Exercise data ::

◇ ◇ ◇ ◇ ◇

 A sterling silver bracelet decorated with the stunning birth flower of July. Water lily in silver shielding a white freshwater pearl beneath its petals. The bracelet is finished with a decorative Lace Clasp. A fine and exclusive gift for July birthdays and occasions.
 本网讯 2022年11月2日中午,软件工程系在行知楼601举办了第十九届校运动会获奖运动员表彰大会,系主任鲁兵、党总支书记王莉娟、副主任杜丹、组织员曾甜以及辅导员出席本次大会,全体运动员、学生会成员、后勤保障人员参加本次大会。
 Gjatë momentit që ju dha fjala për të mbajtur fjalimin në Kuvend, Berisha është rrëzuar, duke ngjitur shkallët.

◇ ◇ ◇ ◇ ◇

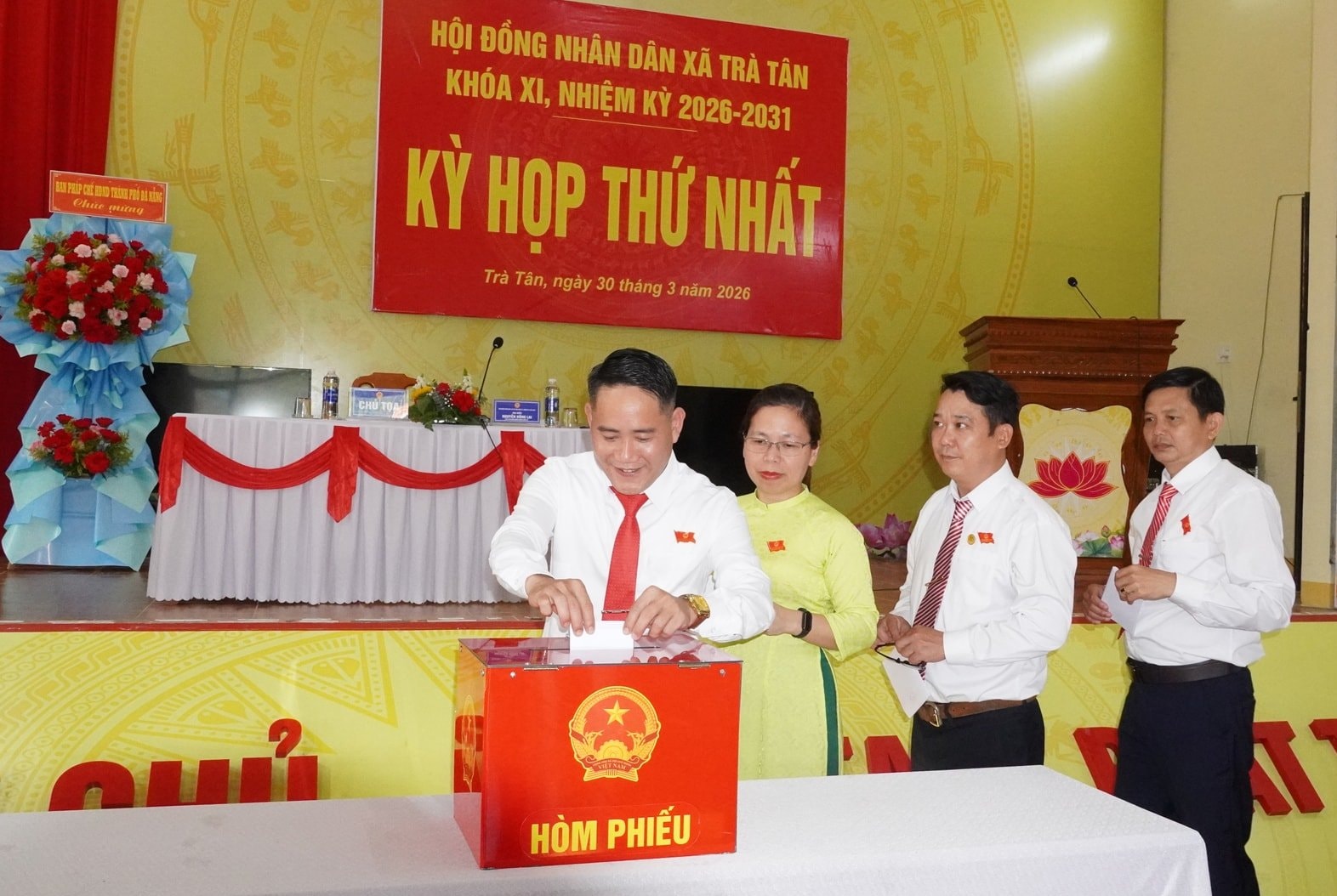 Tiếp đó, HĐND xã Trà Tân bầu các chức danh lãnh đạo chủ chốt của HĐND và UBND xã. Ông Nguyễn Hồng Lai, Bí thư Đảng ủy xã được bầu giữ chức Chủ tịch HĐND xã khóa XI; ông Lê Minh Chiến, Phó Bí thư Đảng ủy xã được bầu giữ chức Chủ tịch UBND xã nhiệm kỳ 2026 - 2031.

◇ ◇ ◇ ◇ ◇

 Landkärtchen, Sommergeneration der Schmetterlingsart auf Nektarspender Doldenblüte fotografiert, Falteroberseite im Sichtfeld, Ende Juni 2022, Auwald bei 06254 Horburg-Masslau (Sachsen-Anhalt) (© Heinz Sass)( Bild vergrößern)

◇ ◇ ◇ ◇ ◇

Prompt ::
Among the lines above, find the one with "A sterling silver" and the one with "Gjatë momentit që". Quote both and everything between them, exactly.

Solution for this task ::
 A sterling silver bracelet decorated with the stunning birth flower of July. Water lily in silver shielding a white freshwater pearl beneath its petals. The bracelet is finished with a decorative Lace Clasp. A fine and exclusive gift for July birthdays and occasions.
 本网讯 2022年11月2日中午,软件工程系在行知楼601举办了第十九届校运动会获奖运动员表彰大会,系主任鲁兵、党总支书记王莉娟、副主任杜丹、组织员曾甜以及辅导员出席本次大会,全体运动员、学生会成员、后勤保障人员参加本次大会。
 Gjatë momentit që ju dha fjala për të mbajtur fjalimin në Kuvend, Berisha është rrëzuar, duke ngjitur shkallët.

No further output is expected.